**DESCRIPTION OF THE TASK:**
Return the listing below unchanged, except that the pictures are dropped.

**SUPPLIED INFORMATION:**
▼

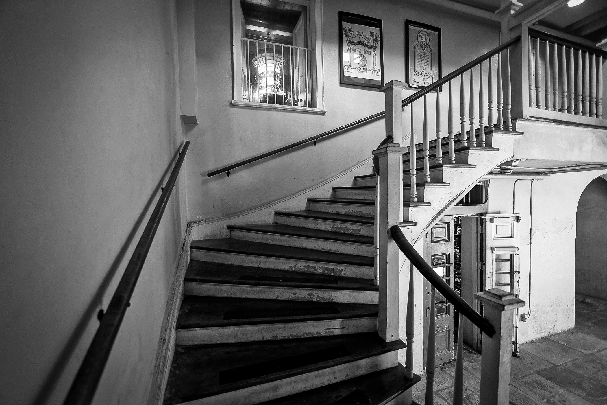 But there is also an unwelcome fixture, that of a stocky, short, mustachioed ghost of late middle-age man wearing a brown suit under a white lab coat who roams his former pharmacy, opening cabinets, throwing books, looking into bottles, rearranging locked displays and frequently setting off the burglar alarm. He has frequently been seen on the curving stairway that connects the back of the shop to the second floor. People have reported feeling a ghostly shove from behind as they walk the creaking, wooden stairs.
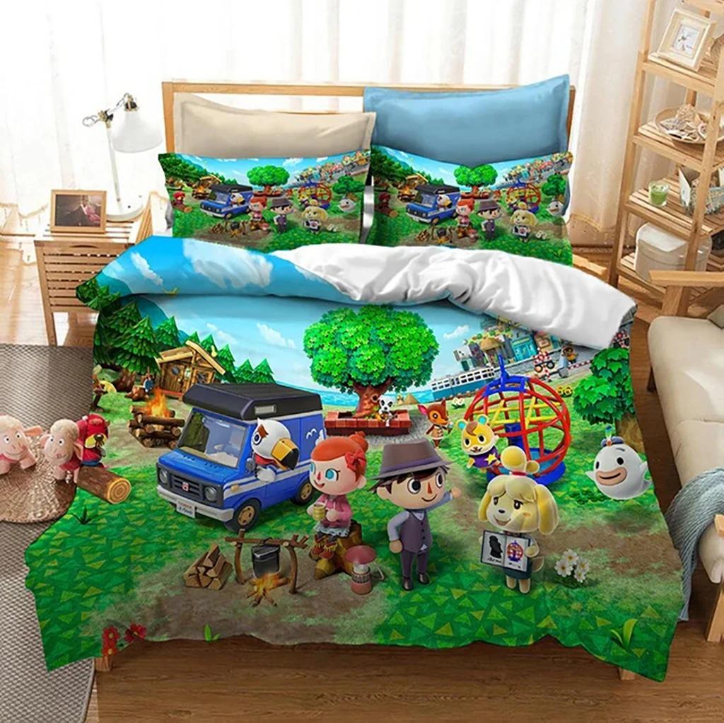 Комплект постельного белья Cartoon Animal Crossing для мальчиков и девочек, двуспальный размер, пододеяльник, наволочка, детская кровать, взрослая мода, домашний текстиль EU Single 135x200cm
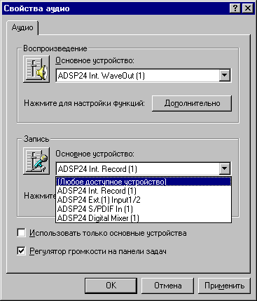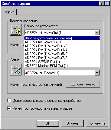 После установки драйверов под W98SE в свойствах аудио появляется множество устройств на запись и воспроизведение:
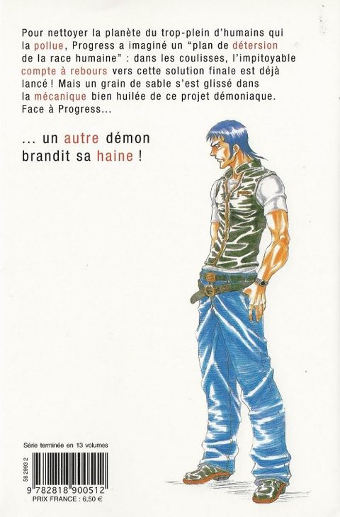 Ils ont tué sa femme et sa fille, ils l'ont amputé des deux bras et l'ont laissé pour mort. Ils ont eu tort. Ils vont payer. Pour nettoyer la planète du trop-plein d'humains qui la pollue, Progress a imaginé un ""plan de détersion de la race humaine"" : dans les coulisses, l'impitoyable compte à rebours vers cette solution finale est déjà lancé ! Mais un grain de sable s'est glissé dans la mécanique bien huilée ce projet démoniaque. Face à Progress... ... un autre démon brandit sa haine !

▲

**RESPONSE BELOW:**
 But there is also an unwelcome fixture, that of a stocky, short, mustachioed ghost of late middle-age man wearing a brown suit under a white lab coat who roams his former pharmacy, opening cabinets, throwing books, looking into bottles, rearranging locked displays and frequently setting off the burglar alarm. He has frequently been seen on the curving stairway that connects the back of the shop to the second floor. People have reported feeling a ghostly shove from behind as they walk the creaking, wooden stairs.
 Комплект постельного белья Cartoon Animal Crossing для мальчиков и девочек, двуспальный размер, пододеяльник, наволочка, детская кровать, взрослая мода, домашний текстиль EU Single 135x200cm
 После установки драйверов под W98SE в свойствах аудио появляется множество устройств на запись и воспроизведение:
 Ils ont tué sa femme et sa fille, ils l'ont amputé des deux bras et l'ont laissé pour mort. Ils ont eu tort. Ils vont payer. Pour nettoyer la planète du trop-plein d'humains qui la pollue, Progress a imaginé un ""plan de détersion de la race humaine"" : dans les coulisses, l'impitoyable compte à rebours vers cette solution finale est déjà lancé ! Mais un grain de sable s'est glissé dans la mécanique bien huilée ce projet démoniaque. Face à Progress... ... un autre démon brandit sa haine !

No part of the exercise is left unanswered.